For submitting the report and the sources proceed as follows: Create the following directory structure one of IMADAs pool machines (of course you have to copy the data from the NERSC filesystem to the IMADA system before doing that, and you have to modify the directory names below if you use different systems than Edison for the OpenMP, pthreads, and MPI implementation.)
mandatory2/ mandatory2/report/ mandatory2/openmp-edison/sources/ mandatory2/openmp-edison/results/ mandatory2/pthreads-edison/sources/ mandatory2/pthreads-edison/results/ mandatory2/mpi-edison/sources/ mandatory2/mpi-edison/results/
Put your report, sources, and results in the corresponding
directory. The source directories should include all files that are
necessary to produce an executable code on the corresponing NERSC
resources. Each of the three sources
directories and each
of the three results
directories should also contain
a README
file that describes details. It basically has to
be possible to copy the complete sources to the file system of the
system of your choice, and to produce executable files via a
simple make
command. The report
directory,
the sources
directories, and the results
directories should not contain more than 10MB of data each. You should consider to
include a webpage (please use the filename index.html
) in the results
directories that includes animations to show the correctness of your simulation for reasonably chosen
number of particles.
The submission procedure for blackboard will be specified soon.

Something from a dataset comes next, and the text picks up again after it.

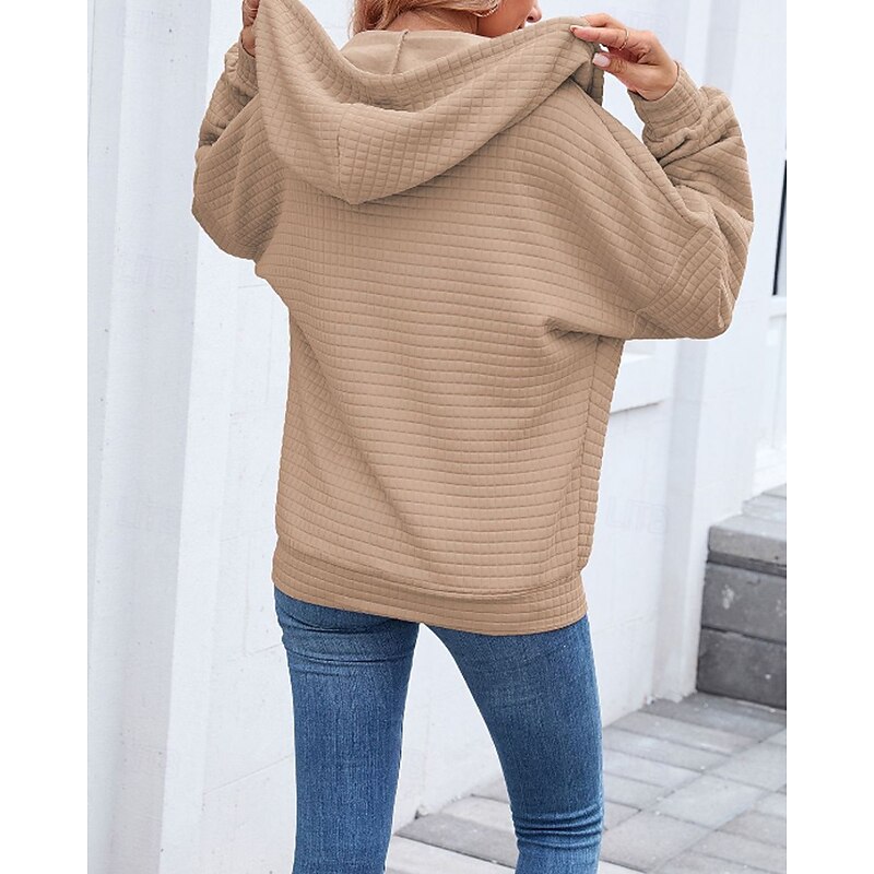 Women's Texture Sweatshirt Waffle Sweatshirt  Zip Up Hoodies Plain Casual Long Sleeve Hooded Regular Tops Street Holiday Going out Zipper Pocket Black Pink Brown Khaki Dark Gray Fall Winter 17

Additionally, you shall hand in a printout of your report and of your source code (10 pages limit applies only to the report, not to the source code). (my mailbox, my office, or during the lecture).
The strict deadline for submission (electronically and printouts) is 20.11.2017, 15:00am.
Frequently Asked Questions (FAQ)
- Are we allowed to work in groups?
Yes, but you should clearly state who contributed with what in the report. The mandatory assignments are part of your final exam, i.e., you have to fully understand all parts of what you have done.